Indirect immunohistochemistry was used to examine the intensity of tyrosine hydroxylase (TH) as an example of an extrinsic neuron. Neuropeptide Y (NPY), substance P (SP), and calcitonin gene-related peptide (CGRP) staining of neurofibers had mixed extrinsic and intrinsic origins. Vasoactive intestinal peptide (VIP), galanin (GAL), gastrin-releasing peptide (GRP), L-enkephalin (L-ENK), and somatostatin (SOM) neurons were examined as examples of intrinsic neurons. Results were expressed on a qualitative scale of 0 to +3 in seven separate intestinal fields. Nitric oxide synthase histochemistry using the NADPH diaphorase technique was used to examine the intensity and morphology of the myenteric plexus, and expressed as the number of positive nerve cells per ganglion area evaluated.

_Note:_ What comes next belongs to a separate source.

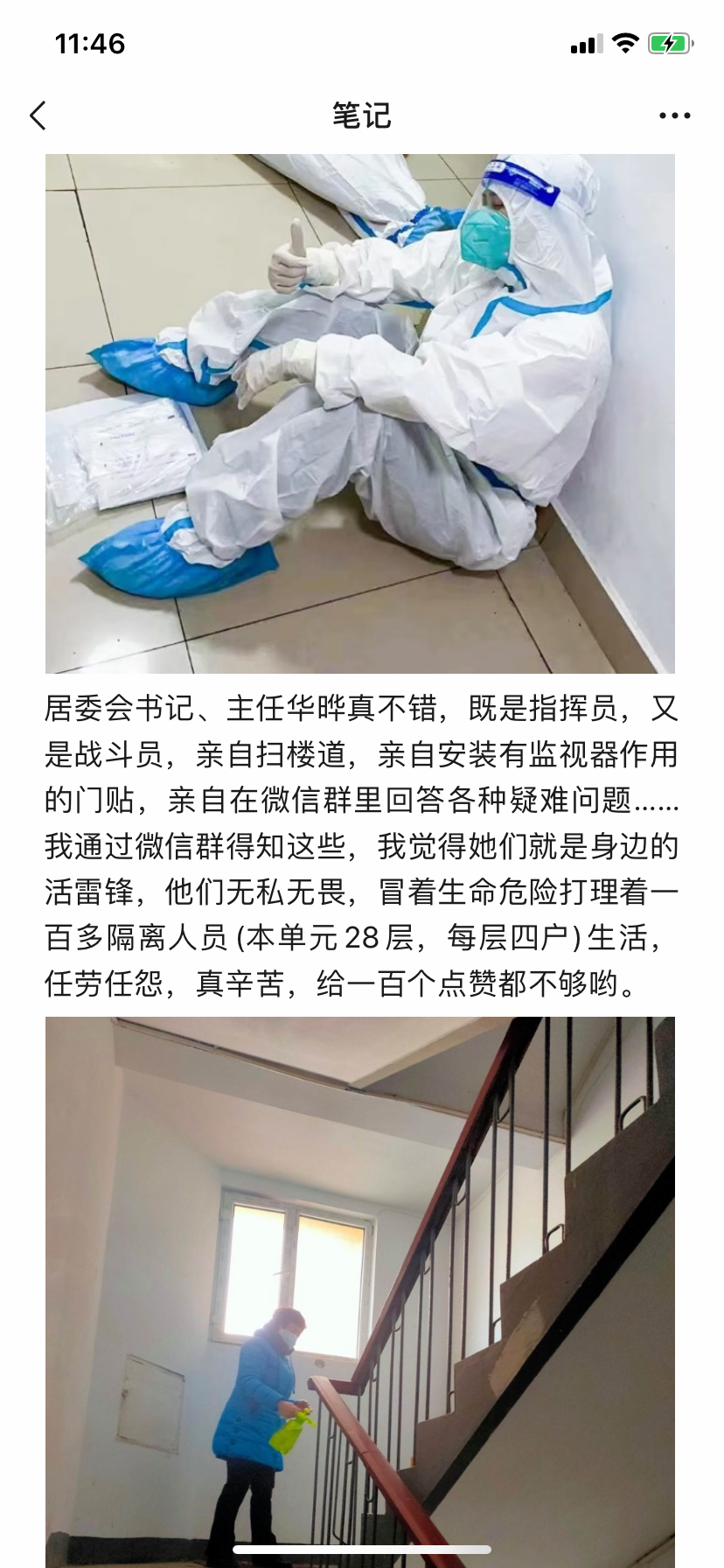 社区居民聂先生在居家隔离期间一直在写电子笔记,其中一篇也提到对华晔书记的点赞感谢。

TH immunoreactivity in the myenteric plexus and in the muscle layers was reduced to +1 in the auto-Tx 12-month group, and 0 to essentially absent in specimens showing acute rejection. One dog showing chronic rejection had scanty extrinsic reinnervation. The other extrinsic markers including NPY, SP, and CGRP perivascular fibers also showed a similar pattern. VIP reactivity in the myenteric plexus, muscle layers, submucosal plexus, and villi showed a similar pattern in normal and auto-Tx groups. Acute rejection severely reduced VIP expression. There was only +1 fibers in the myenteric plexus, and no evidence of VIP fibers in the muscle layers. In chronic rejection, VIP fibers in the myenteric plexus and muscle layers showed only +2 to +1 staining. Other intrinsic and mixed fibers reactive to SP, GAL, GRP, L-ENK, and SOM as well as VIP showed a similar decreased immunoreactivity. No differences were seen in the density of NO-containing neurons in the myenteric plexus in auto-Tx groups compared to normal dogs. During acute rejection, severe damage to NO neurons occurred, with most specimens showing no cells with NO (8.46 vs 66.64 in auto-Tx 7 days, P < .0001), and rare fibers. In chronic rejection, the number of NO-positive cells was also significantly decreased compared to auto-Tx dogs at 3, 6, or 12 months, which are the time consistent controls (37.5 vs 81.7 at 6 months, P = .007).
These findings indicate that acute and chronic rejection involve the enteric nervous system and cause significant widespread and nonspecific changes including damage to NO neurons when compared to autotransplantation. Thus, altered intestinal function in acute and chronic rejection is also mediated by damage to intrinsic neurons.